News, views and commentary from the telecoms sector across emerging markets and developing countries worldwide

Friday, 15 May 2009

Salty name, sweet subsidies: more on the Venezuelan handset phenomenon

Recently, when I quickly added a short piece here about the low cost handsets launched this month in Venezuela, it seems I left out some interesting details.

The detail that has been grabbing headlines across the UK's mainstream news media is the name given to the device, El Vergatario. Prior to reading these recent stories, I vaguely remembered the name of the phone and even more vaguely recalled reading somewhere that the term meant something like 'the excellent one'. (That's enough vagueness, Ed.*)

So imagine my bemusement at seeing UK newspapers rubbishing the idea that the monicker of this remarkably cheap device is so innocent. Numerous Fleet Street hacks have converged this week on a different understanding of the handset's unusual name, i.e. that it is a freshly coined vulgarism from a Venezuelan city known for its inventive slang. On Monday, the Guardian, to take one example, delighted in presenting President Hugo Chavez as a smirking practitioner of double entendre. "Whoever doesn't have a Vergatario is nothing," said the Venezuelan leader, with the Guardian suggesting that this remark was an off-colour joke.

Word quickly travelled back to Caracas about the Guardian's story. Yesterday the paper was reporting that President Chavez had used a televised speech to rebut the notion that some Venezuelans had been offended by the handset's name:

"In the Guardian they think it's something rude. That is a big mistake. They are ignorant," said Chavez. "He cited the Spanish language reference dictionary, the Real Academia Española, which defined vergatario as an adjective signifying quality and value," reports the UK paper, whose backtracking is slyly qualified by its assertion that "the etymological debate spread to websites today and broke largely along political lines, with Chavez supporters championing the non-vulgar interpretation."

Whatever the case, in the following clip from the President's regular TV show, he does seem to be playing for laughs. My Spanish is far too limited to understand the gags. If anyone wants to post a translation of his words in the comments box, do please go ahead!

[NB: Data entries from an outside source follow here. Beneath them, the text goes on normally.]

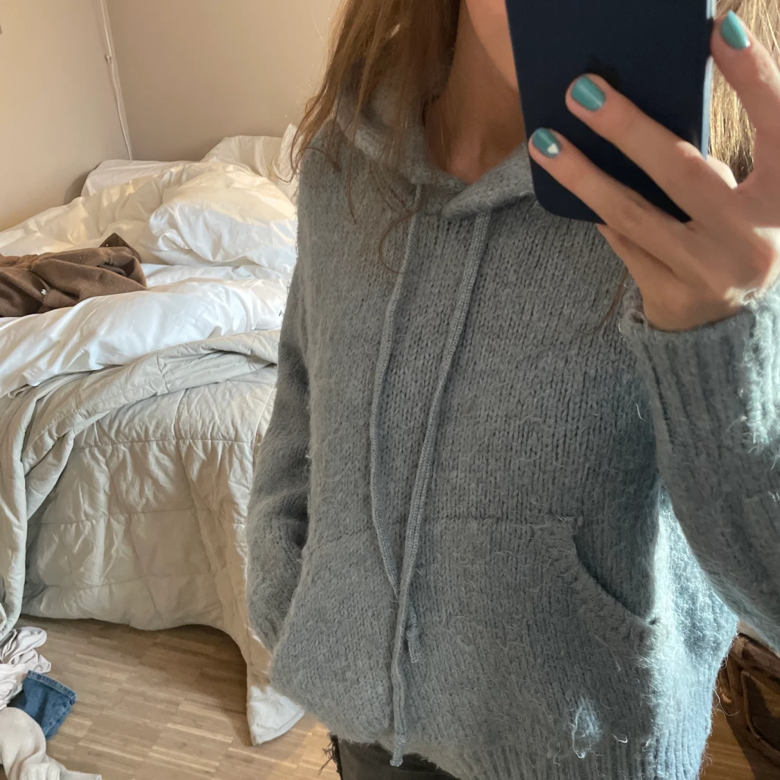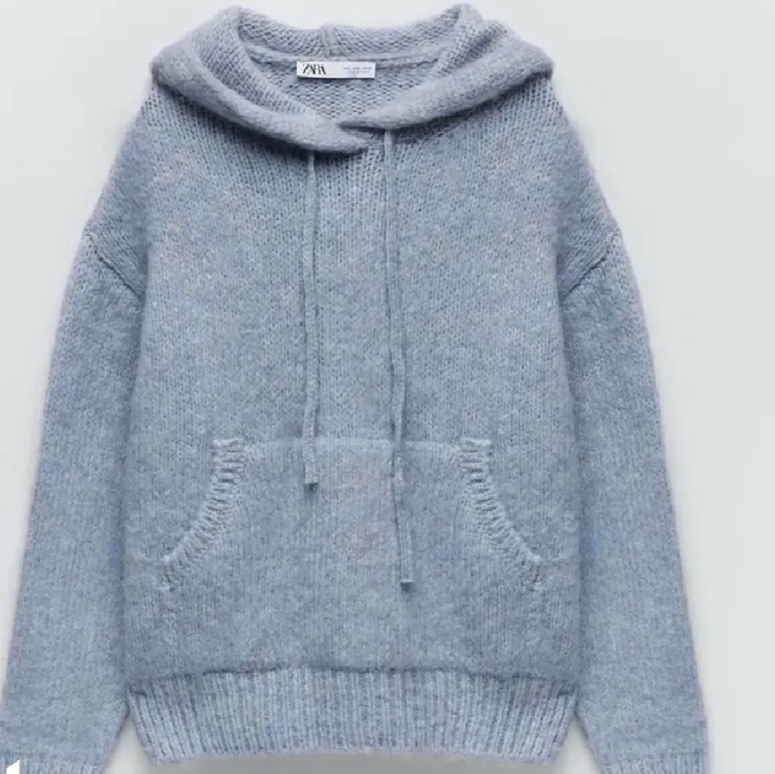Säljer denna blå stickade Zara hoodie då den inte kommer till användning!! Så skönt stickad och super mysig! ❤️❤️ köp dirket för 450🤗❤️❤️
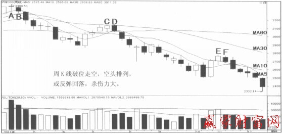 E~F點:周均線10周、30周、60周均線完全空頭排列,周K線超跌反彈,至E點遇阻回落。
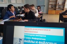 Сегодня в школе прошли мероприятия по предмету информатика под руководством учителя Регины Хуснутдиновой в рамках Недели математики и информатики. Ученики 8 класса создавали авторские проекты на тему: «Графические информационные модели». Были представлены семейные деревья, системы школьного образования, модели торговли продуктами и др. Викторина на тему: «Файлы и файловая структура» организована в седьмом классе. Команды отвечали на вопросы, решали практические задачи, составляли и кодировали полный путь файлов. Дети из 9 класса прошли практикум в среде учебного исполнителя Кумир, учились программировать перемещения Робота.

All very amusing. Less impactful in terms of making the news, but perhaps of more immediate relevance for readers of this blog (i.e. people working in telecoms in emerging markets) is the question of how Vetelca (the Venezuelan state-ZTE joint venture assembling the phones) is able to put a fully-featured device into the hands of the consumer for just USD15. I daresay the price of the Chinese-made components is not excessive. Good old handset subsidies, however, perhaps play an even more important role in arriving at the low retail price of the phone. As the original Guardian article on the device noted, "a government subsidy which cut the retail price to a quarter of the manufacturing cost is likely to make the Vergatario an immediate hit."

It might therefore be more apt to call El Vergatario a low price handset than to call it a low cost handset.